Not to be outdone in the acting category is Rachel Weisz, who plays Lady Sarah Churchill. She represents the Queen when she cannot leave her chambers, and also sleeps with her to ensure that Sarah's husband Lord Marlborough (Mark Gatiss) continues to get Anne's support as he is off commanding Britain's war with the French. Early in the film, we are introduced to Abigail Hill (the always wonderful Emma Stone, who is sensational here). She is Sarah's cousin, and a noble lady herself whose family has fallen on hard times due to the debts her gambler father has collected. She has nowhere to go but to beg to her cousin for a position as a scullery maid at the palace. She even has to approach Lady Sarah with her clothes tattered and covered with mud, as she is literally kicked out of the coach and into the mud when she first arrives. However, it does not take long until Abigail is scheming her way to a better life within the castle. She quickly finds herself in Anne's favor, and even her bed, after she tracks down a remedy for the Queen's gout. This leads to jealousy between Sarah and Abigail, and eventual all out war, as a bizarre love triangle grows.
has divided many viewers, and I can see why. This is an extremely dark and vengeful story about these two women doing horrible things to one another in order to gain the Queen's trust. And yet, the movie never loses its sense of humor, nor does it go into such levels of viciousness that I was turned off. It is the performances of Colman, Weisz and Stone that completely carry the film. Yes, there are men in the film, many of whom are trying to turn some of the women to their cause, and to use them to get information from the Queen about the war. But, they hardly matter. That doesn't mean they are bad performances, or underwritten characters. On the contrary. In particular, Nicholas Hoult gives a devilish and comic performance as Lord Harley, who is trying to turn Abigail to his way of thinking about the war effort. It simply means that the screenplay knows to keep the focus on the war between Sarah and Abigail for the Queen's attention, and the film is better for it, in my opinion.

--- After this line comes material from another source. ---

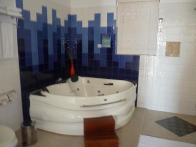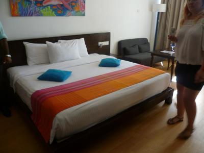 Pokoje dostatečně velké, na pokoji vana, minibar, koupelna čistá. Navštívili jsme jeden pokoj v přízemí, vedle kterého byla kancelář zaměstnance hotelu, myslím, že by se mi nelíbilo, kdyby někdo neustále coural kolem terasy do kanceláře a zpátky. Hotel má pokoje s výhledem na moře, nebo bazén, dále suity s jacuzzi a pokoje junior deluxe.
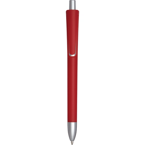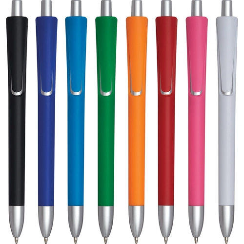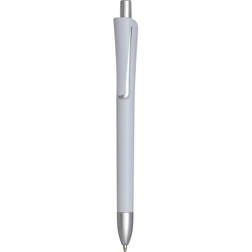 Découvrez notre stylo bille en plastique personnalisable, conçu pour allier praticité et élégance. Ce stylo est doté d'un bouton-poussoir facilitant son utilisation, avec un corps en plastique robuste et des décorations argentées sous le clip et au niveau de la pointe.

This is also not your conventional costume drama. Director Lanthimos is not exactly known for being a conventional filmmaker, and while this is probably the closest he has ever come to doing a conventional movie that can be pigeonholed into a genre, he finds ways to throw in his trademark humor, and some other oddball choices. I particularly liked how the film is divided into different chapters like a book, and how the chapters had titles such as "This Mud Stinks" and "I Dreamt I Stabbed You in the Eye". But beyond these original choices, he has also made an absolutely gorgeous film, one of the better looking ones I've seen recently. From the costume design by Sandy Powell, to the sets by Fiona Crombie, this is a movie that can grab your attention simply with its sumptuous design in just about every category. Fortunately, there's a great script, some amazing performances, and an overall high energy within the visual trappings. These are all things that the previously mentioned Queen of Scotts
lacked, and why it could not inspire any thoughts within me while I was watching it, other than I felt my watch had stopped a few times.
Most of all, The Favourite
makes you care about the three women at the center of all the backstabbing and vicious actions, and I became really involved with how it would all turn out. This is a movie that manages to be shocking, hilarious, sad, thoughtful and heartfelt at various times throughout. This is a movie that can go in multiple directions, but due to the steady direction and the incredible cast, I never felt lost. This is a wonderfully structured film, and one of the best of 2018.